Myocardial Energy Stress, Autophagy Induction, and Cardiomyocyte Functional Responses

Abstract

Significance: Energy stress in the myocardium occurs in a variety of acute and chronic pathophysiological contexts, including ischemia, nutrient deprivation, and diabetic disease settings of substrate disturbance. Although the heart is highly adaptive and flexible in relation to fuel utilization and routes of adenosine-5'-triphosphate (ATP) generation, maladaptations in energy stress situations confer functional deficit. An understanding of the mechanisms that link energy stress to impaired myocardial performance is crucial. Recent Advances: Emerging evidence suggests that, in parallel with regulated enzymatic pathways that control intracellular substrate supply, other processes of "bulk" autophagic macromolecular breakdown may be important in energy stress conditions.
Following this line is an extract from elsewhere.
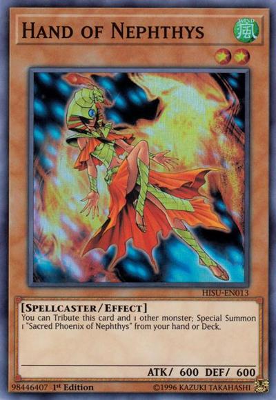 You can Tribute this card and 1 other monster; Special Summon 1 ‘Sacred Phoenix of Nephthys’ from your hand or Deck.

Recent findings indicate that cargo-specific autophagic activity may be important in different stress states. In particular, induction of glycophagy, a glycogen-specific autophagy, has been described in acute and chronic energy stress situations. The impact of elevated cardiomyocyte glucose flux relating to glycophagy dysregulation on contractile function is unknown. Critical Issues: Ischemia- and diabetes-related cardiac adverse events comprise the majority of cardiovascular disease morbidity and mortality. Current therapies involve management of systemic comorbidities. Cardiac-specific adjunct treatments targeted to manage myocardial energy stress responses are lacking. Future Directions: New knowledge is required to understand the mechanisms involved in selective recruitment of autophagic responses in the cardiomyocyte energy stress response. In particular, exploration of the links between cell substrate flux, calcium ion (Ca²⁺) flux, and phagosomal cargo flux is required. Strategies to target specific fuel "bulk" management defects in cardiac energy stress states may be of therapeutic value.

Keywords: autophagy; cardiac; diabetes; glycophagy; ischemia; metabolism.